PROMPT: Once you find the line with "私達が使ってる自然言語も思考も、 手放しに信用しちゃいけないと思いませんか? 69" in the data below, transcribe exactly each line from there to the line with "Jimmy Skye 70mm", inclusive, and nothing else. Drop the pictures.

DATA SHOWN:
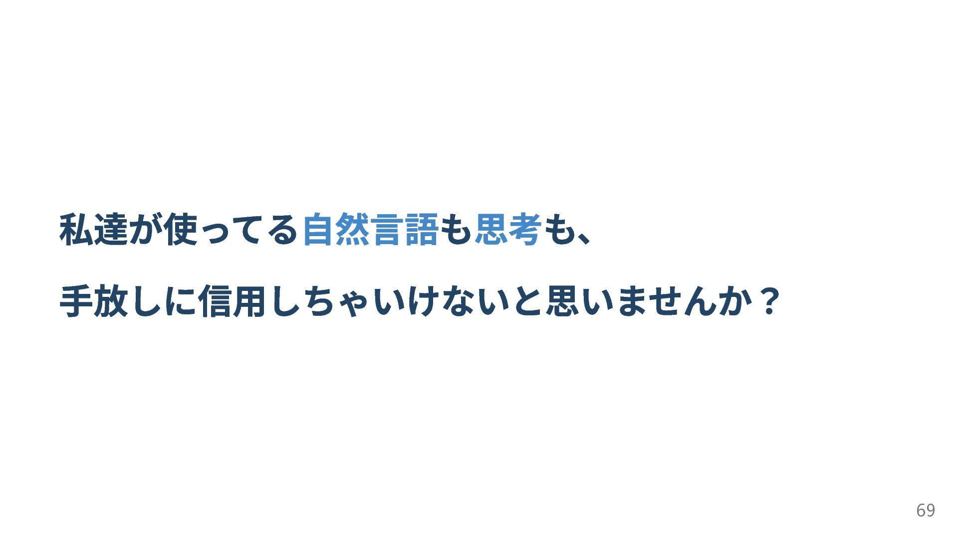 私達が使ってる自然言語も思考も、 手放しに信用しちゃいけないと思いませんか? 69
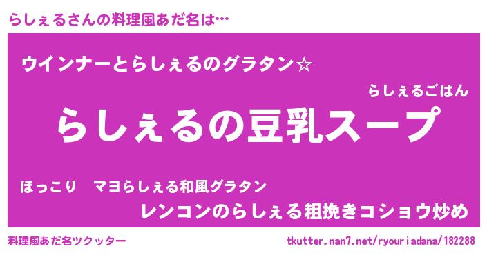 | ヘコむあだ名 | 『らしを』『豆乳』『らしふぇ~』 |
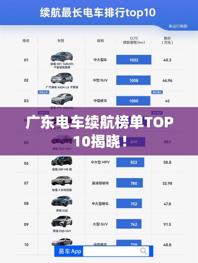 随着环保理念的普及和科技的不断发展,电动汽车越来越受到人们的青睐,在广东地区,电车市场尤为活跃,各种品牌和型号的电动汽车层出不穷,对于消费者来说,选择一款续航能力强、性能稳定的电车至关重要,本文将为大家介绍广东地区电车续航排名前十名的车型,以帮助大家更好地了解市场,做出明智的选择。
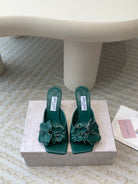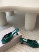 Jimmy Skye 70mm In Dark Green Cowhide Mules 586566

--

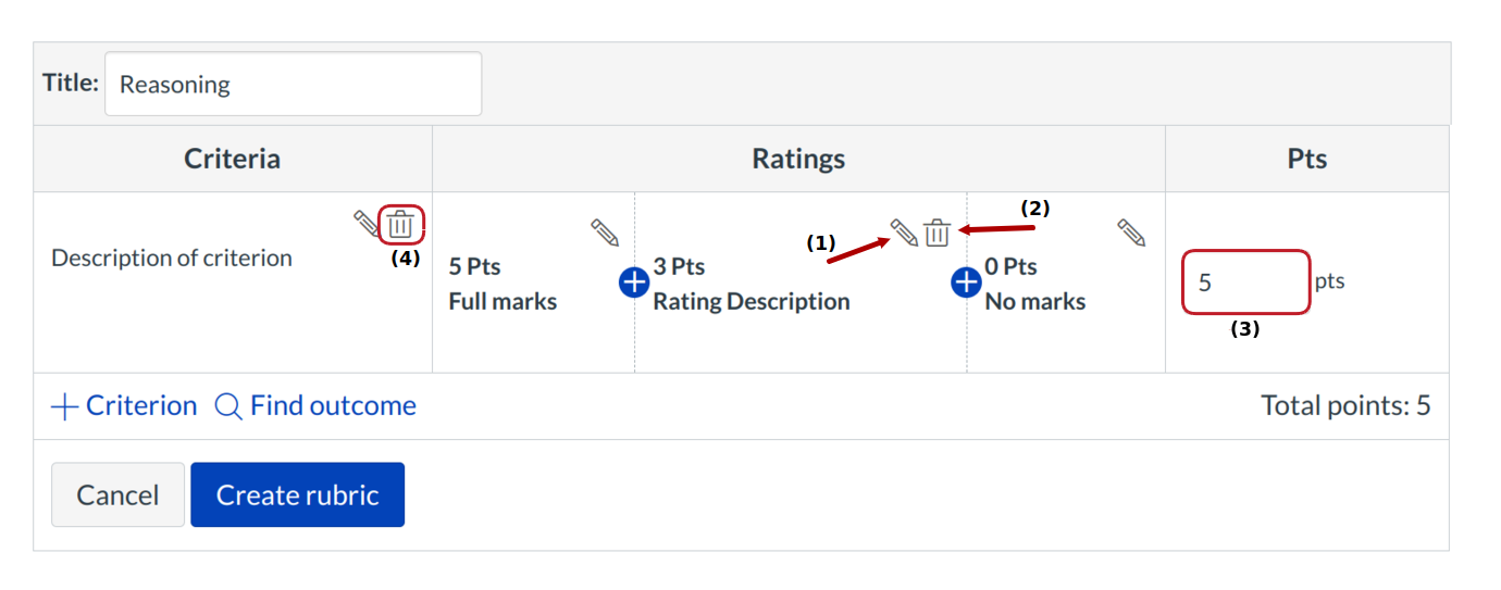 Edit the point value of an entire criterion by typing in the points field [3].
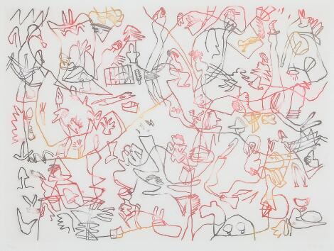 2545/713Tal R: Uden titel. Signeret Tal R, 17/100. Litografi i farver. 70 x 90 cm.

ANSWER AREA:
 私達が使ってる自然言語も思考も、 手放しに信用しちゃいけないと思いませんか? 69
 | ヘコむあだ名 | 『らしを』『豆乳』『らしふぇ~』 |
 随着环保理念的普及和科技的不断发展,电动汽车越来越受到人们的青睐,在广东地区,电车市场尤为活跃,各种品牌和型号的电动汽车层出不穷,对于消费者来说,选择一款续航能力强、性能稳定的电车至关重要,本文将为大家介绍广东地区电车续航排名前十名的车型,以帮助大家更好地了解市场,做出明智的选择。
 Jimmy Skye 70mm In Dark Green Cowhide Mules 586566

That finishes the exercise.